[Stored entries]
--

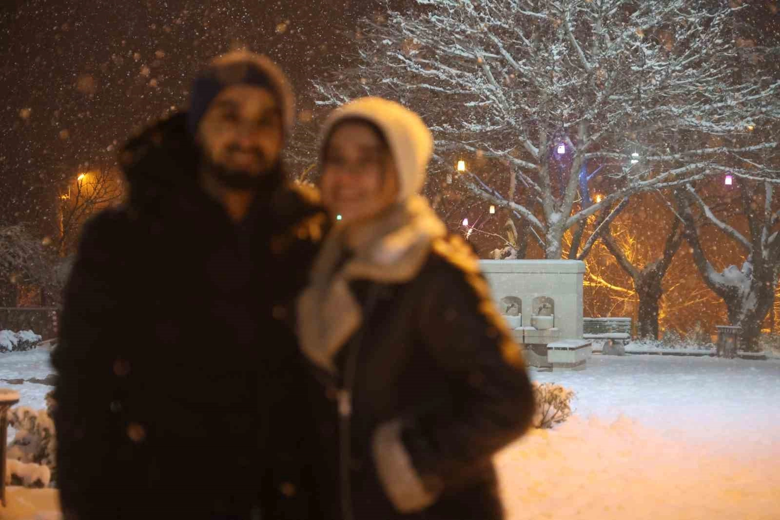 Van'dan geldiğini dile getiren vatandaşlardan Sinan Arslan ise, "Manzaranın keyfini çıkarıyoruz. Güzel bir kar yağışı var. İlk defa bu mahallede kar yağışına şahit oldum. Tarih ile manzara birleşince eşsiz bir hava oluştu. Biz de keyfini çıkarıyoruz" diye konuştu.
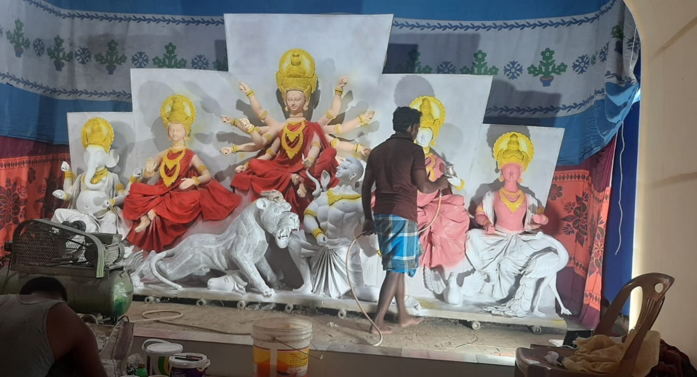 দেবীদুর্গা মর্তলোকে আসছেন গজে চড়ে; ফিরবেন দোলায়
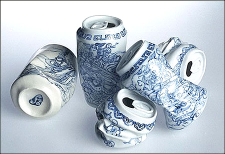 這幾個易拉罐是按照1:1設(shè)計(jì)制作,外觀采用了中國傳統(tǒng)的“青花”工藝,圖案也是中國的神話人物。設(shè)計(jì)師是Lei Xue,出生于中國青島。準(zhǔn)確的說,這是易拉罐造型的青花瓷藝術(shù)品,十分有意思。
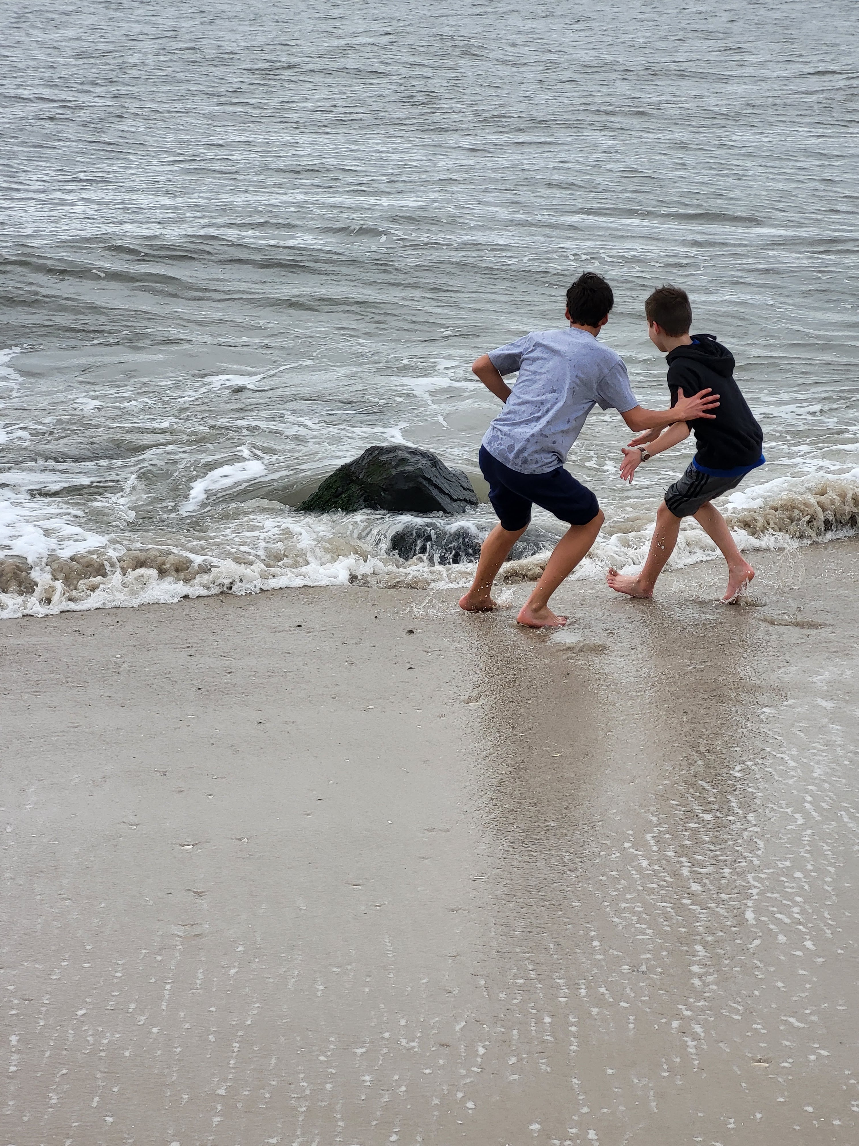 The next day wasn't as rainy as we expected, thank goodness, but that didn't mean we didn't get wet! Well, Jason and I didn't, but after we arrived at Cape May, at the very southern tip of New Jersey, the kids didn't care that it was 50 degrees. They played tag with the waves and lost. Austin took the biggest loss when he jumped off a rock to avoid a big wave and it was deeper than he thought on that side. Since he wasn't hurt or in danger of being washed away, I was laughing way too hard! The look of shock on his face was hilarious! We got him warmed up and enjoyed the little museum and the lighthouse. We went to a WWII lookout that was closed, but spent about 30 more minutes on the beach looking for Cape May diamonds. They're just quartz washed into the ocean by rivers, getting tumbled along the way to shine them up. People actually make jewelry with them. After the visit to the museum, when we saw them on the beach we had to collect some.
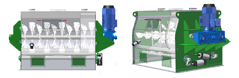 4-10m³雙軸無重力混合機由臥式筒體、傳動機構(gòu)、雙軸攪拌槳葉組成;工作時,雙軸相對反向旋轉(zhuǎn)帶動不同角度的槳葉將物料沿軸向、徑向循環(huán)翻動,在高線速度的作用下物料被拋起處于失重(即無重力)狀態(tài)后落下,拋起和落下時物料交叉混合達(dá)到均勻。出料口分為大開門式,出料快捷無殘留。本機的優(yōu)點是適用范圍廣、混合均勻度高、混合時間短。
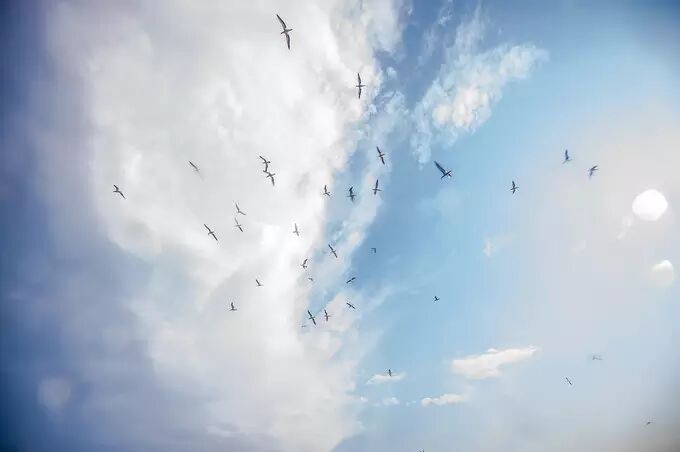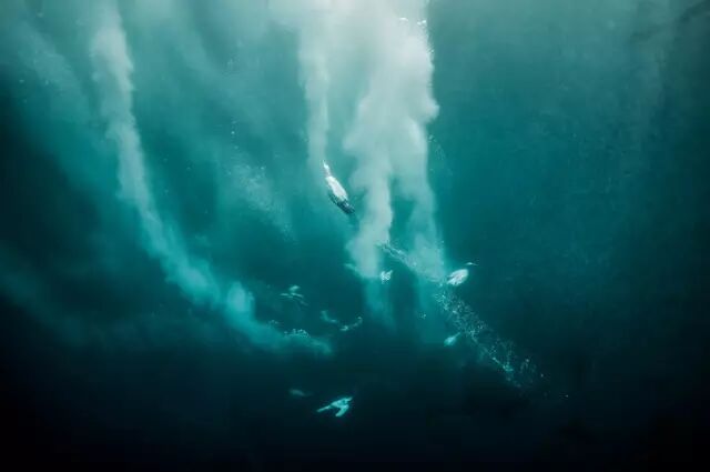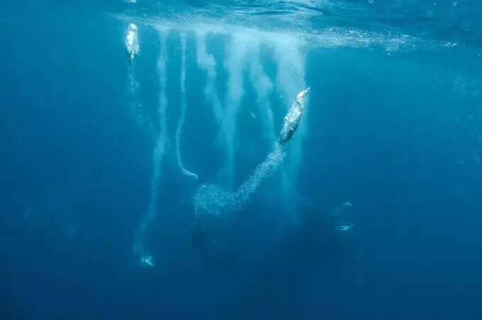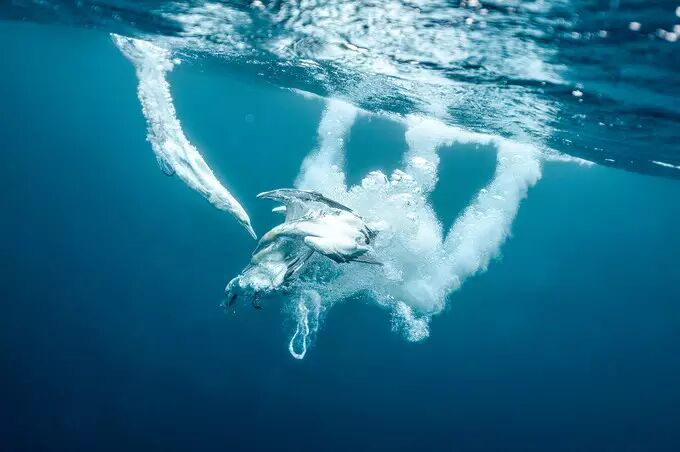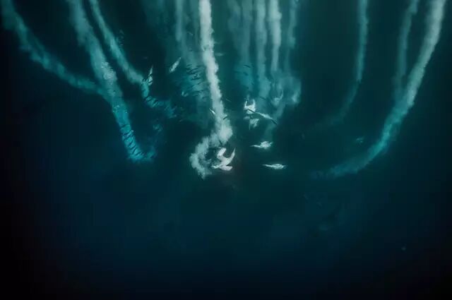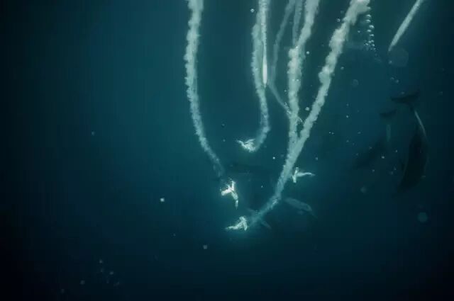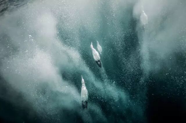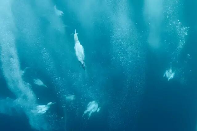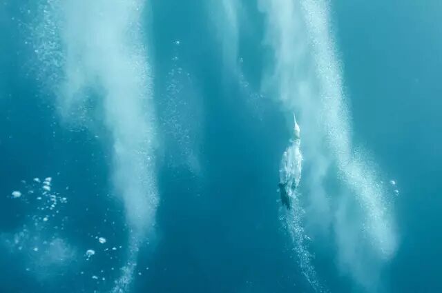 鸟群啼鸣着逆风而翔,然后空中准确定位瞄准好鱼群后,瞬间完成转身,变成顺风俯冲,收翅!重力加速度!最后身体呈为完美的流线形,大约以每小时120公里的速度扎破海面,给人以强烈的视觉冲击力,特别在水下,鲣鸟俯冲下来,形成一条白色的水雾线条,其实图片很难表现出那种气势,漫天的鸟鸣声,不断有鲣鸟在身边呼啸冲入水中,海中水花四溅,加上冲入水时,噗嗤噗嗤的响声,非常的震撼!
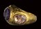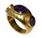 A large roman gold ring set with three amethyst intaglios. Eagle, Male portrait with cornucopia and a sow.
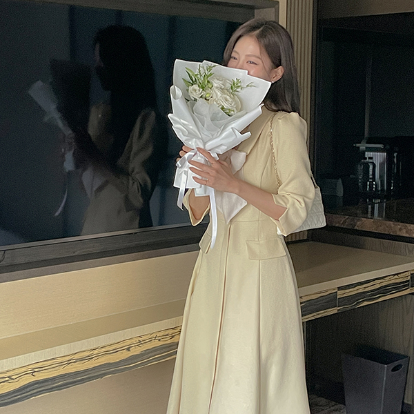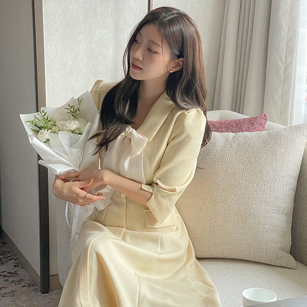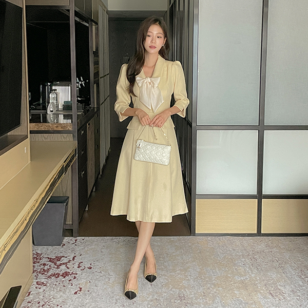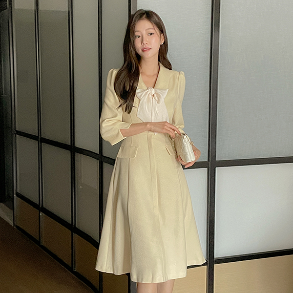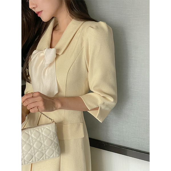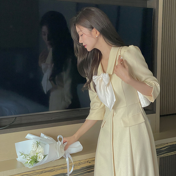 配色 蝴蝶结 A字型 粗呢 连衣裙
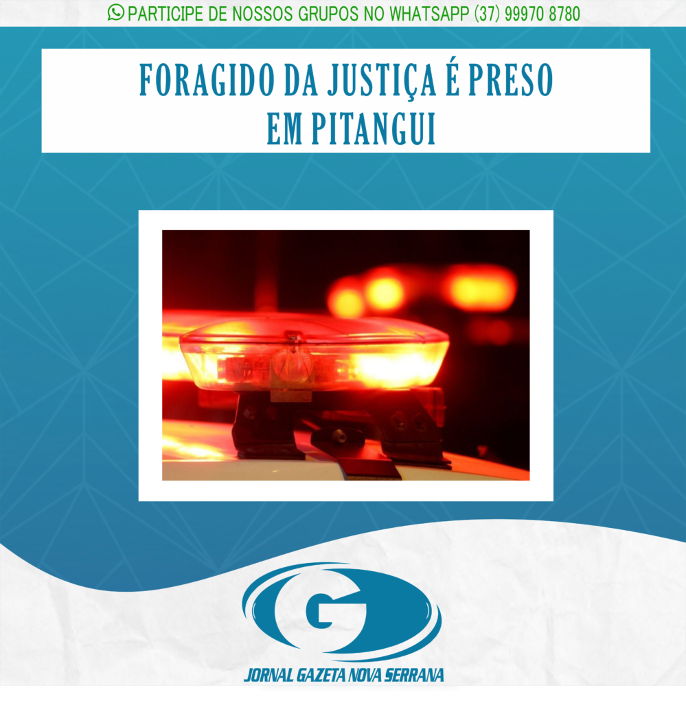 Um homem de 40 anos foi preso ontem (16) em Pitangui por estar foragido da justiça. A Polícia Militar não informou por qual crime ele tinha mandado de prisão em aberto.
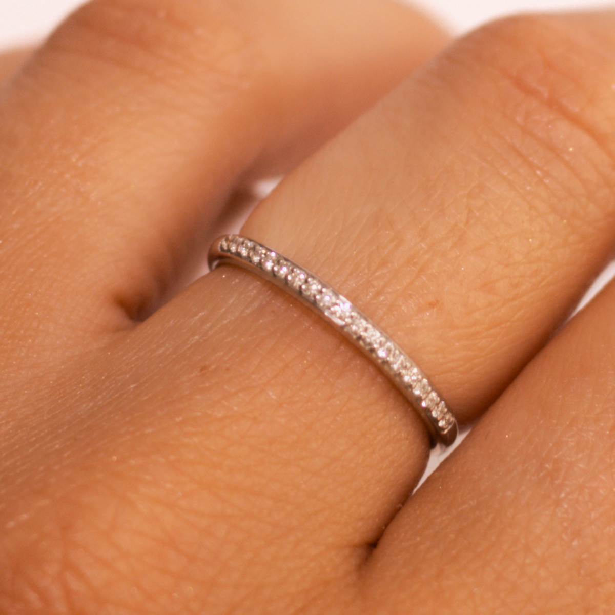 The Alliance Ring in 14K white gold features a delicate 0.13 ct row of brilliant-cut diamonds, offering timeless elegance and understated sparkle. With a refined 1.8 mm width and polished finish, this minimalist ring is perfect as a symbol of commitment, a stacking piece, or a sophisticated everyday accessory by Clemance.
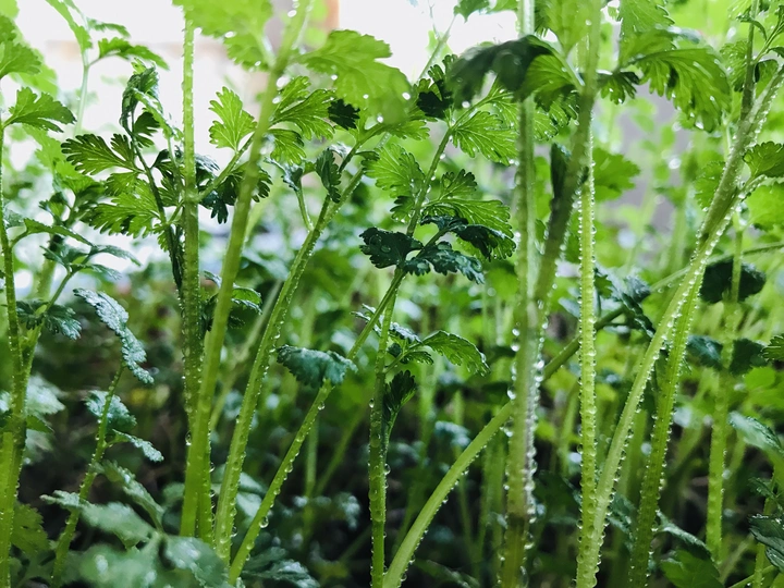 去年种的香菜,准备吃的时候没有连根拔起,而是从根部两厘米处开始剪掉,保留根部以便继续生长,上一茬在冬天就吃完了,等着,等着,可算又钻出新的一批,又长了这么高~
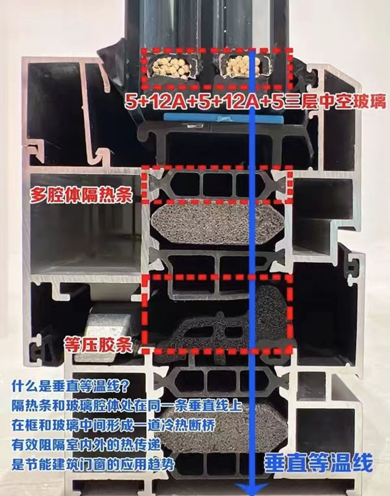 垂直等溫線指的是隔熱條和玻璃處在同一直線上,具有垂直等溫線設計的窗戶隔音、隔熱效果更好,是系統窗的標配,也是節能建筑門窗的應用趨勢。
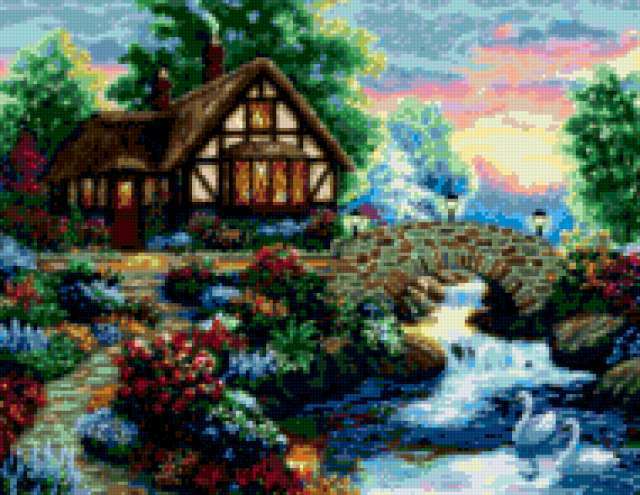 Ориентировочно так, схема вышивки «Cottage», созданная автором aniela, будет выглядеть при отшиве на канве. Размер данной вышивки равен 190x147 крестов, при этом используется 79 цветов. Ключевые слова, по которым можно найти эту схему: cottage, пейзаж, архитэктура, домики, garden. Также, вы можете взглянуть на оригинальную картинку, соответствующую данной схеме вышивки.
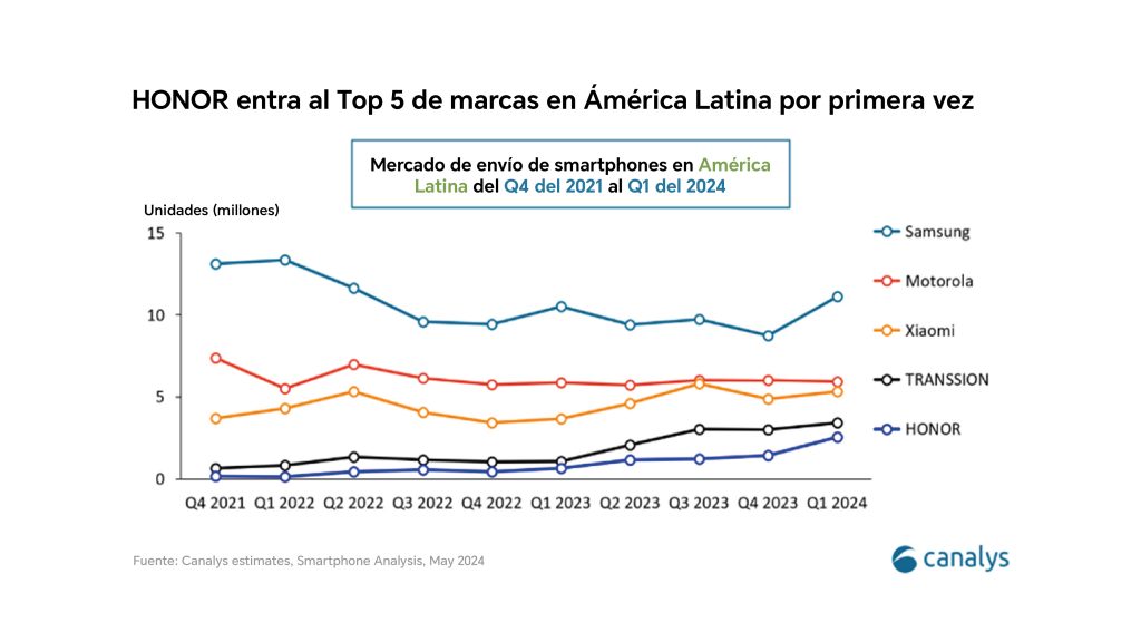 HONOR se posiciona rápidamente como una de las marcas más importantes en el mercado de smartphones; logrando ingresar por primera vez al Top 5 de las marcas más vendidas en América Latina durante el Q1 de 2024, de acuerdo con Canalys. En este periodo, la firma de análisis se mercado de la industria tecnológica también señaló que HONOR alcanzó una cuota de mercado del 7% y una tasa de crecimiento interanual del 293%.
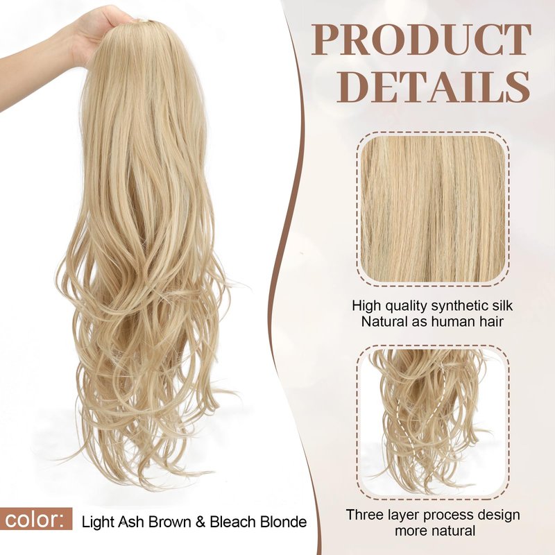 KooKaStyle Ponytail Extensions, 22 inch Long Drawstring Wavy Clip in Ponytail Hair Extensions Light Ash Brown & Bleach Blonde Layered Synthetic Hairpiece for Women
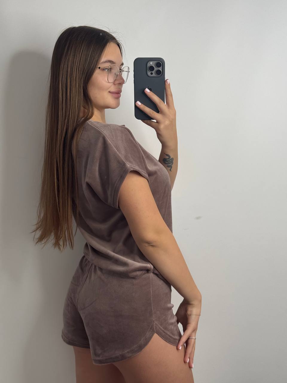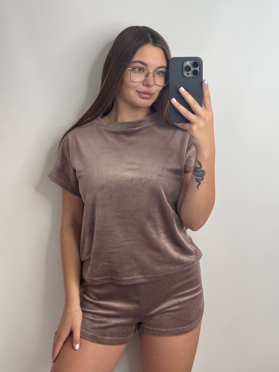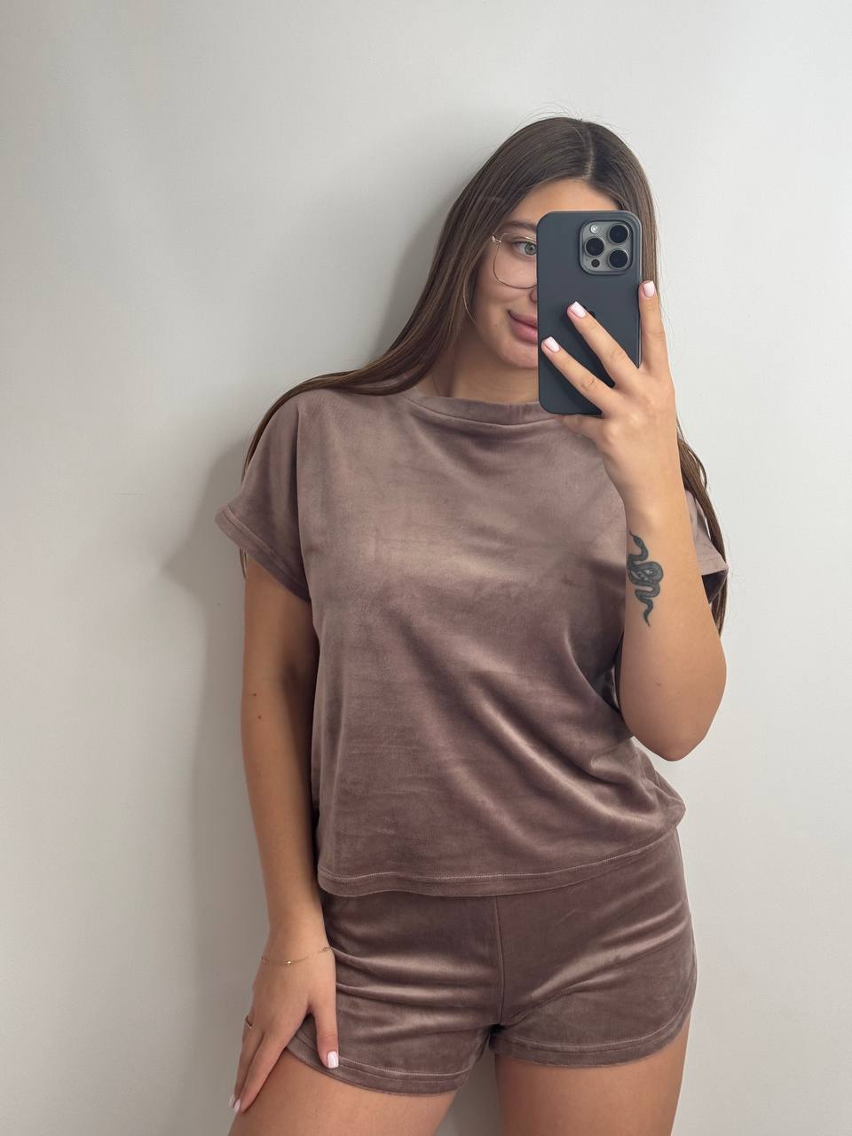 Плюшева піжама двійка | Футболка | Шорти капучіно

--

**Work request:** For this exercise, copy each line of the data above exactly, from the first through the line containing "這幾個易拉罐是按照1:1設(shè)計(jì)制作,外觀", and drop the pictures.

**Answer to this problem:**
 Van'dan geldiğini dile getiren vatandaşlardan Sinan Arslan ise, "Manzaranın keyfini çıkarıyoruz. Güzel bir kar yağışı var. İlk defa bu mahallede kar yağışına şahit oldum. Tarih ile manzara birleşince eşsiz bir hava oluştu. Biz de keyfini çıkarıyoruz" diye konuştu.
 দেবীদুর্গা মর্তলোকে আসছেন গজে চড়ে; ফিরবেন দোলায়
 這幾個易拉罐是按照1:1設(shè)計(jì)制作,外觀采用了中國傳統(tǒng)的“青花”工藝,圖案也是中國的神話人物。設(shè)計(jì)師是Lei Xue,出生于中國青島。準(zhǔn)確的說,這是易拉罐造型的青花瓷藝術(shù)品,十分有意思。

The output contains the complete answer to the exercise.